# Thread: Velocity of particle using graph? Physics?

1. ## Velocity of particle using graph? Physics?

I'm not sure how to figure this out:I'm not sure how to find how far the particle with using this graph? Any help? I took physics two years ago before college and I know I learned about this but I can't remember what to do, using either physics or calc methods. Thanks!

2. ## Re: Velocity of particle using graph? Physics?

$a(t) = 3t$

Acceleration is the derivative of velocity: $a(t) = v'(t)$. So:

$\displaystyle v(t) = \int a(t) dt = \dfrac{3}{2}t^2+C$

You are told initial velocity is 5. Initial velocity means t=0. So:

$v(0) = 5 = \dfrac{3}{2}(0)^2 + C$

shows $C=5$.

Hence, $v(t) = \dfrac{3}{2}t^2+5$.

Velocity is the derivative of position: $v(t) = s'(t)$. So, $\displaystyle s(t) = \int v(t)dt$.

Now, you are looking for the distance the particle has moved. That is just $\displaystyle s(3)-s(0) = \int_0^3 v(t)dt$:

$\displaystyle \int_0^3 v(t)dt = \int_0^3 \left(\dfrac{3}{2}t^2+5\right)dt = \left[\dfrac{1}{2}t^3 + 5t\right]_0^3 = 19.5$

3. ## Re: Velocity of particle using graph? Physics?

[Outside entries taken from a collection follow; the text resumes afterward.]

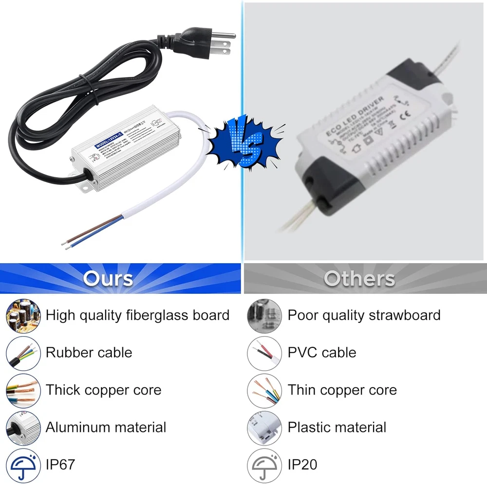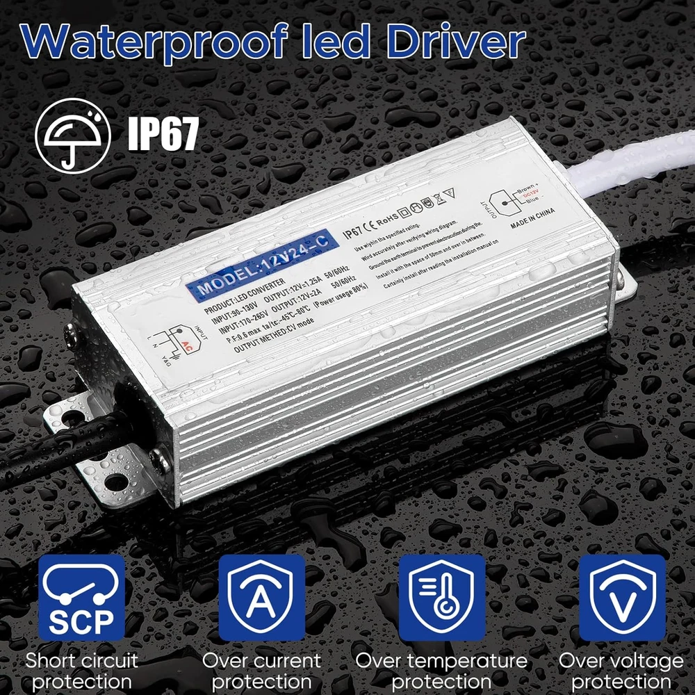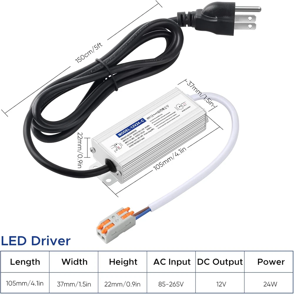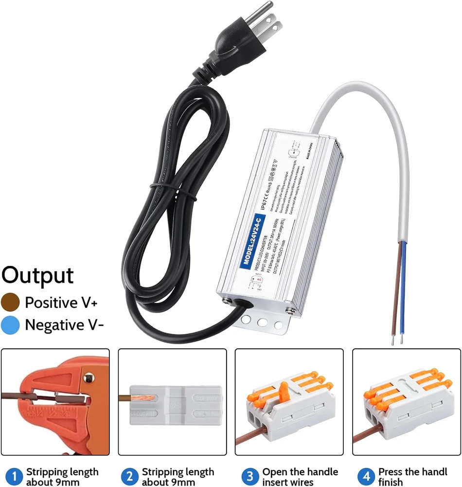 Store New Arrivals Add to Favorite View Feedback Contact Waterproof IP67 24V Power Supply 24W 1A 24V LED Driver 120V AC to 24V DC Description Item model number 24V24W Current Rating 1 Amps Power Source Corded Electric Minimum Frequency 50 Hz Product Dimensions 0.5"D x 1.9"W x 0.5"H Country of Origin China Item Weight 9.9 ounces Maximum Frequency 60 Hz Model 24V24W Specification Met Ip67 POWERFUL 24V OUTPUT: This LED driver with 24W and 1A output is the perfect 24V power supply solution for your LED lighting needs, ensuring consistent and reliable performance VERSATILE APPLICATIONS: With its non-dimmable feature and waterproof IP67 design, this 24V LED driver is ideal for a variety of LED lighting applications, including 24V LED strip lights, 24V LED light bulbs, and other 24V LED lighting fixtures WIDE INPUT RANGE: With an input range of 85-265V AC, this LED driver is a versatile and practical alternative for your lighting needs DURABLE AND SAFE: With an IP67 waterproof and IP67 Waterproof rating and over-current and over-voltage protection, this 24V DC low-voltage transformer is designed to be both durable and safe EASY TO INSTALL: With its 3-prong plug US design, 4.9 feet cable, and included connector, this 24V LED driver is easy to install and use, making it the perfect choice for both professionals and DIY enthusiasts Product Description This 120 AC to 24 DC LED driver is perfect for your LED lighting needs. LED power supply wide input range of 85-265V AC, output 24W 1A, ensures that your LED lights remain bright and consistent. This DC 24V LED driver size of 4.1*1.9*0.5in (LxWxH) is a small size so that simple to install, Its 4.9ft cable length with a 3-Prong US Plug and single connector make it simple to connect to your LED lights. The LED power supply has an input efficiency of 88%, which indicates that it is energy efficient and convenient to run, making it an excellent choice for those wishing to save on energy costs. This 110 AC to 24 DC LED Driver is a dependable and effective alternative for powering LED strip lights, LED light bulbs, and other LED lighting fixtures. Installation Instructions Making sure that the input voltage matches the specifications on the product label before connecting the LED driver to the power source. Using a connector and cable connect the LED driver to the LED light fixture. Plugging the LED power supply into a power source. Turn on the power source and verify that the LED light fixture is working correctly. Product Specifications Input: 85-265V AC 50/60HZ Output: 24V DC 1A Power: 24W Operating temperature: -40℃ to +50℃. Operating relative humidity: 10%-100%Rh Size:4.1*1.9*0.5in (LxWxH) Waterproof: IP67 Input efficiency: 88% Weight: 286g Cable length:4.9ft Scope of supply 1x LED transformer 1x port connector These LED drivers/transformers are for neon lamps, G4 lamps, flood lights, MR11/MR16/GU5.3 spotlights, billboards, advertising signs, CCTV cameras more. The maximum wattage of the strip does not exceed the maximum output power of the LED driver of 24w. When using an LED power supply, the following guidelines should be observed: Ensure that the total power of the connected LED strips or other devices does not exceed the maximum power output of this driver, which is 24W. Do not open or modify the driver. Doing so may cause electric shock or product damage. Please keep the LED power supply away from children to prevent accidents. For safe and proper use, use this product under the direction of a qualified electrician. ABOUT US We offer the best prices around on high quality products. Our E-store includes media such as books, movies, music and games while offering electronics, toys, sporting apparel, clothing, tools, general home, garden items and more. SHIPPING We are always working hard to ensure your package arrives as soon as possible. Please understand that some factors like weather, high postal traffic, and the performance of shipping companies are outside of our control. We offer free shipping to the lower 48 states and ship within 2 business days of payment, usually sooner. We do not accept P.O. Boxes. Please provide a physical address. RETURNS We offer a 30-Day Return Policy on items which you are not completely satisfied with. You have the option for a full-refund or an exchange of the item. No returns are available on items shipped outside of the USA. PAYMENT We accept PayPal. CONTACT US This page content is yet to come Please ad us to your favorite seller and visit again later Thank You CUSTOMER SATISFACTION We try our very best to make sure every customer is completely satisfied. If there's a problem, message us! We're happy to help.
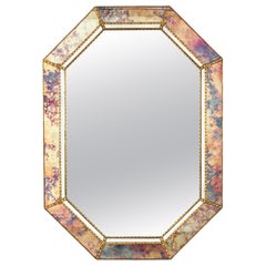 Venezianischer moderner rechteckiger Wandspiegel mit Details aus Messing und Giltwood
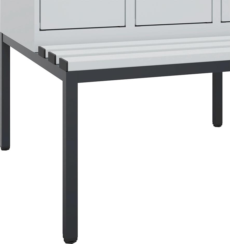 Garderobenschrank Evolo PLUS mit untergebauter Sitzbank (Kunststoffleisten)
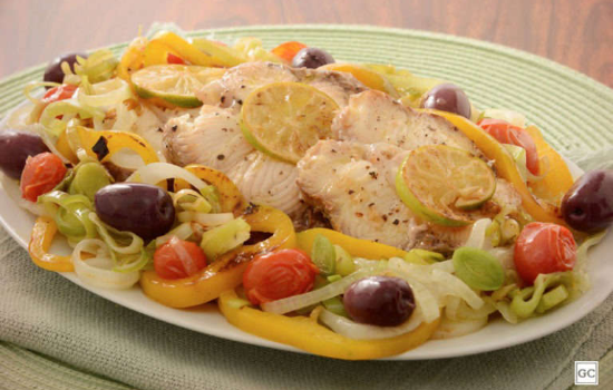 - Regue com azeite, tempere com sal e, sobre elas, coloque o peixe temperado.
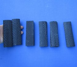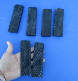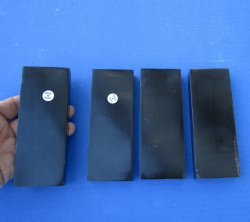 We carry buffalo horn knife scales.  Cylindrical knife scales 4-1/2 inches by 1 inch, faux stag jigged, impala horn pattern, black and white streaks, bark texture knife scales and polished buffalo horn knife scales are available.  We carry sizes 5 inches, 3-1/2 inches, 4-1/4 inches and others.  All of these are made from Indian water buffalo.

Originally Posted by SlipEternal
$a(t) = 3t$

Acceleration is the derivative of velocity: $a(t) = v'(t)$. So:

$\displaystyle v(t) = \int a(t) dt = \dfrac{3}{2}t^2+C$

You are told initial velocity is 5. Initial velocity means t=0. So:

$v(0) = 5 = \dfrac{3}{2}(0)^2 + C$

shows $C=5$.

Hence, $v(t) = \dfrac{3}{2}t^2+5$.

Velocity is the derivative of position: $v(t) = s'(t)$. So, $\displaystyle s(t) = \int v(t)dt$.

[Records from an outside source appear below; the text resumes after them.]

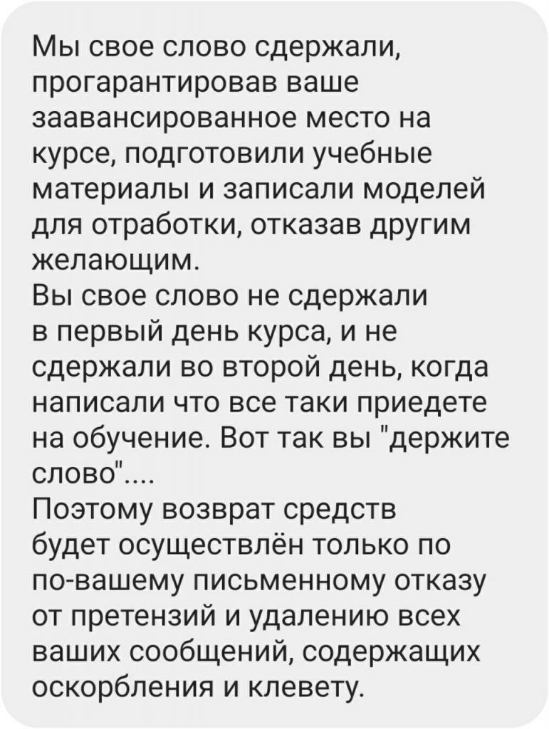 Хочу предупредить всех, кто собирается посетить ЛЮБЫЕ курсы. Подписывайте официальный договор, в котором прописывается обязательства преподавателя, предоставляемого обучение и обязанности ученика( оплата-предоплата курса, все спорные моменты).
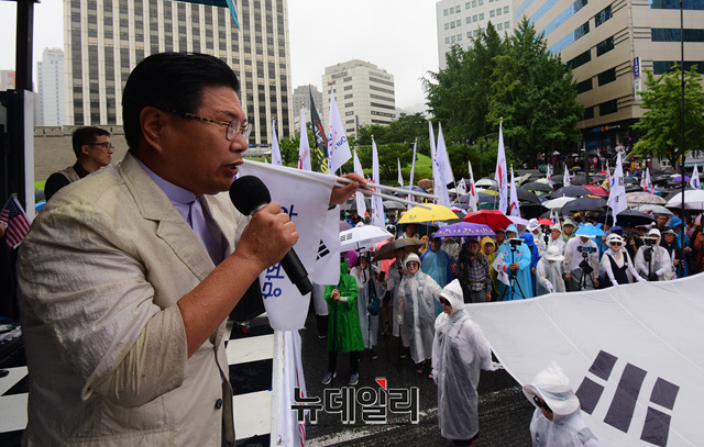 71주년 건국절인 15일 오후 서울 남대문 인근에서 열린 8.15 총궐기 국민대회에서 홍문종 우리공화당 공동대표가 연설을 하고 있다.
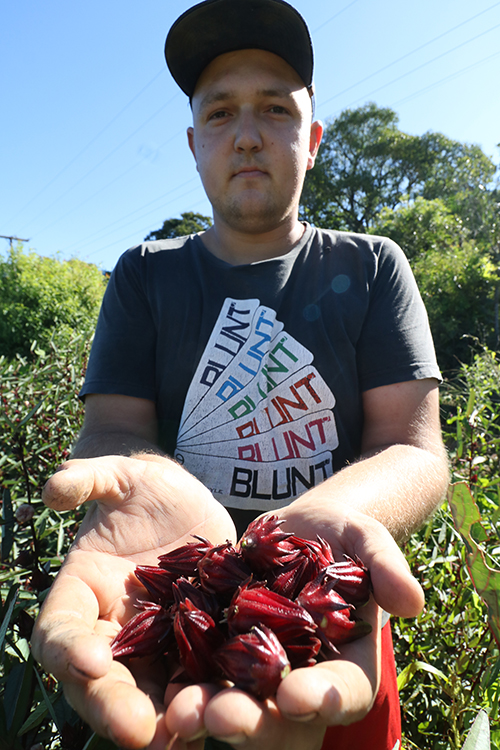 Em Linha Travessa, também em Santa Cruz do Sul, o jovem Fabrício Beckenkamp, de 23 anos, é outro produtor que se dedica ao hibisco. Ele afirma que a cultura ainda é uma experiência. Na área de cerca de três hectares onde cultiva verduras com seu pai, Fabrício plantou cerca de 40 pés e está no segundo ano de colheita. Ele planta o arbusto após a passagem do período mais frio do ano, já que o vegetal não lida muito bem com as baixas temperaturas e morre no inverno. “Ainda é uma cultura nova. Espero, no próximo ano, colher o dobro que estou colhendo neste ano”. Beckenkamp ressalta que em duas ou três semanas já poderá colher os cálices da planta mais desenvolvidos no pé. O período de falta de chuvas nos últimos meses foi um elemento que atrasou o desenvolvimento, mas a situação se normalizou com as últimas precipitações. “Quando estava dando seca, a planta estava bem sofrida”, relata o agricultor.
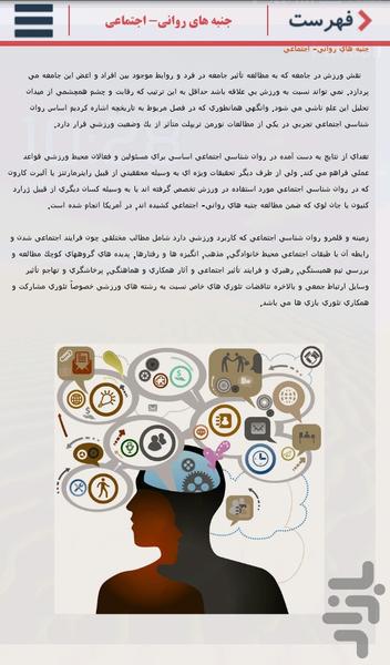 Sport psychology application is one of the educational application that is provided by E-learn Pars center. Upon taking necessary permissions, this center holds educational programs well-adjusted with electronic purposes with more than 250 training courses in the fields of management, computer, agriculture, animal husbandry, fishery, psychology and etc., so hereby we express our readiness to serve all Persian-Language people and compatriots. In this application, you can enjoy 30% of whole educational materials .If required, you can benefit from national and international valid certificates of completion of course by taking the program package through the website: www.elearnpars.org
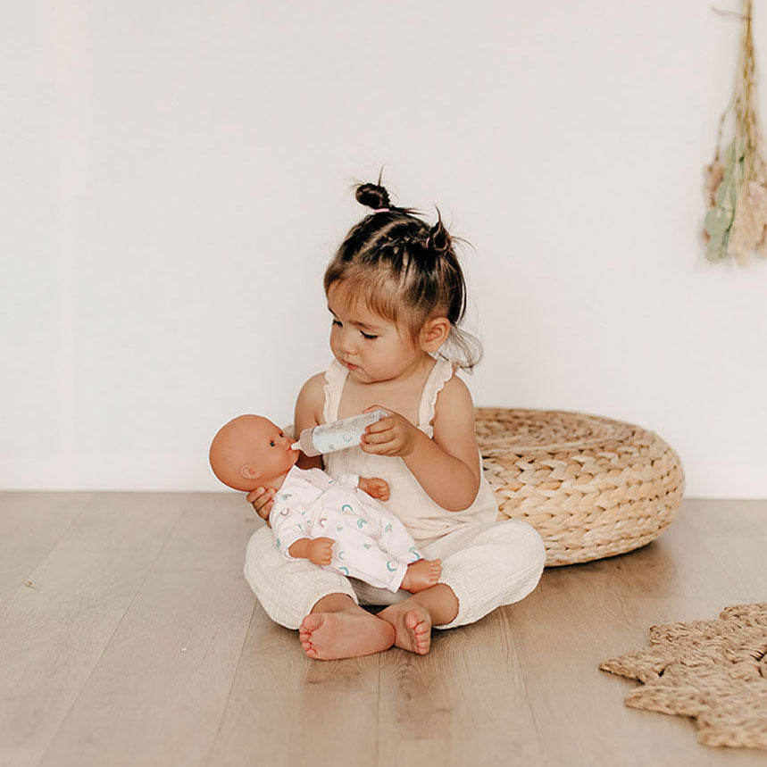 Met het magische drinkflesje van Smoby Baby Nurse heeft je babypop altijd genoeg melk. Als je het kunststofflesje rechthoudt, lijkt het net echt melk in te zitten. Hou je hem onderboven dan lijkt het flesje net echt leeg te lopen. Afmeting flesje: 12,5 x 3,5 x 3,5 centimeter
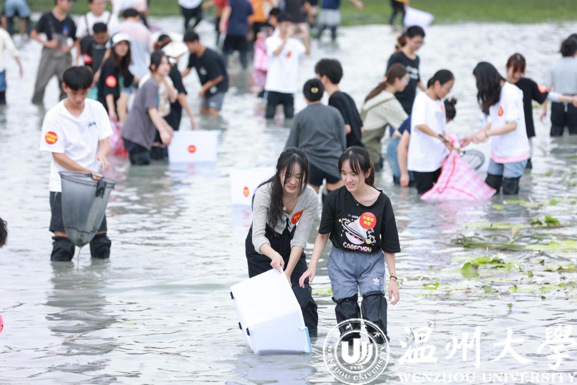 少妇白洁 组织生命与环境科学学院学生在进行抓鱼、采藕劳动教育与水环境治理实践课。 少妇白洁 供图

Now, you are looking for the distance the particle has moved. That is just $\displaystyle s(3)-s(0) = \int_0^3 v(t)dt$:

$\displaystyle \int_0^3 v(t)dt = \int_0^3 \left(\dfrac{3}{2}t^2+5\right)dt = \left[\dfrac{1}{2}t^3 + 5t\right]_0^3 = 19.5$
Thanks for showing the steps, I couldn't put that together because I was so focused on it being a physics problem I didn't even realize I could apply these steps.

4. ## Re: Velocity of particle using graph? Physics?

Physics involves a lot of applied math.